Without using aref the ADC maps 0..5 Volt  =>  0..1023 . If you use 3.3 volt at max you will not use the full possible resolution (~66%) . But if the range suits your need, its OK. If you need max resolution you can connect AREF to 3.3V.
- http://arduino.cc/en/Reference/AnalogReference?from=Reference.AREF

As Far as I know: if you connect the sensor to both Arduinos you will get slightly different readings per Arduino. You need to connect at least all grounds. And if you want full range (see above) you need to connect 3.3V to both Arduino's AREF pin.
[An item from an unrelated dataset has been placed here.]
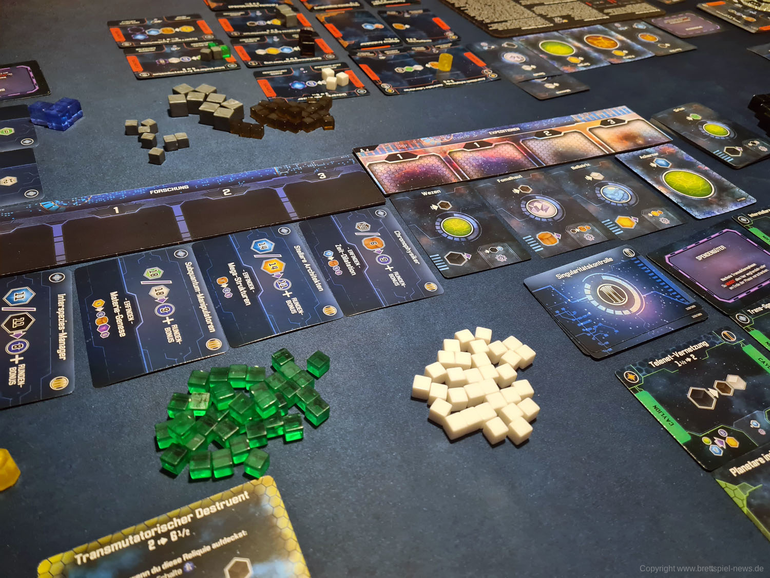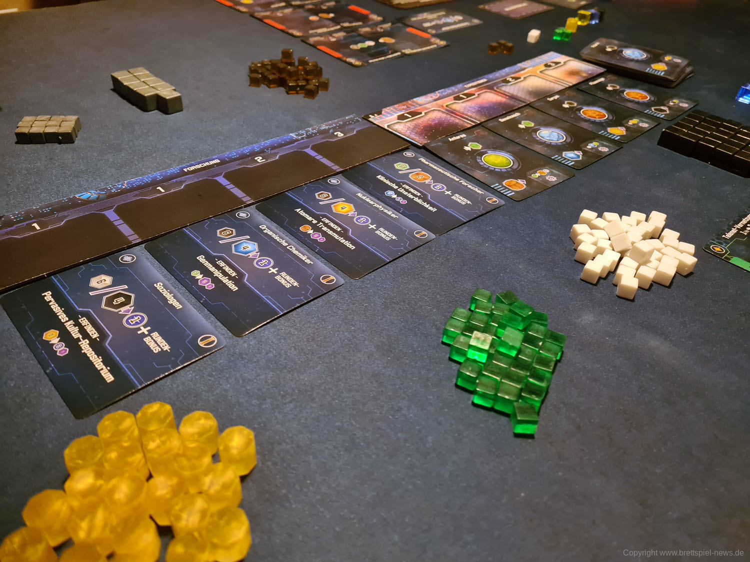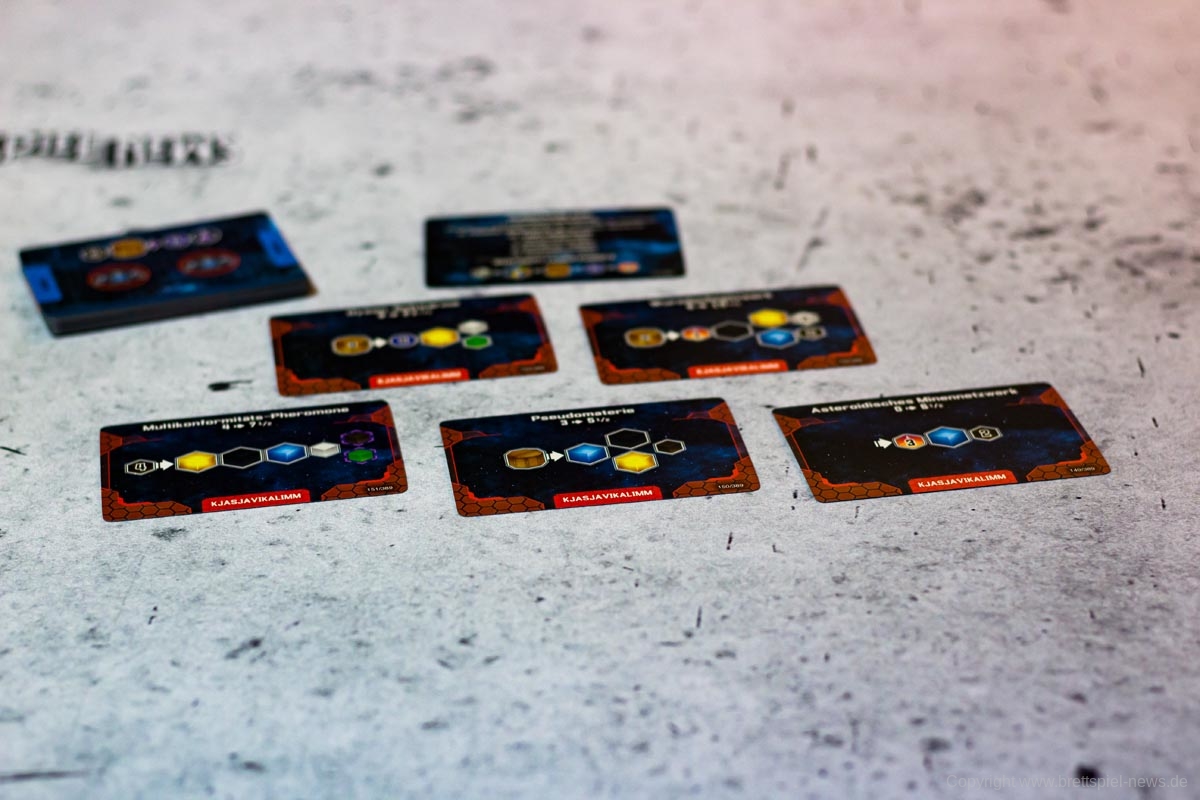 Hierzu zählen beispielsweise Planeten, die kolonisiert werden können und in der Produktionsphase automatisch kleine Ressourcen (nicht kolonialisiert) oder große Ressourcen (kolonialisiert) produzieren. Als zweiter relevanter violetter Konverter dienen Forscherteams. Forscherteams schalten wichtige neue Technologien frei, die der Spieler bis zum Ende des Zuges exklusiv für sich nutzen kann. Am Ende des Zuges wird jede so freigeschaltete Technologie mit den anderen Spielern geteilt. Zusätzlich kann der Spieler seine bestehenden Technologien durch die angegebene Bedingung upgraden, sodass der Konverter in der nächsten Runde effektiver wird. In den meisten Fällen verlangen Technologien dafür bestimmte andere Technologien, die der Spieler für das Upgrade opfert, das kann aber unter den Spezies variieren. Jeder Konverter kann nur einmalig in der Phase bedient werden und jede so produzierte Ressource kann nicht genutzt werden, um einen weiteren Konverter in dieser Phase anzuwerfen. Sind diese Grundprinzipien einmal verinnerlicht, erklärt sich der Rest des Spiels fast von selbst.

Personally I would start just with the 5V range to get a feeling of the behaviour of the sensor.

Rob Tillaart

Nederlandse sectie - http://arduino.cc/forum/index.php/board,77.0.html -
(Please do not PM for private consultancy)

doublec4

Thanks for the response, that makes sense.

Only question left, is do I need to use the analogReference(external); before every line that I check the analog pins, or just once at the top of my code?

robtillaart

99% of the time just once, typically in setup()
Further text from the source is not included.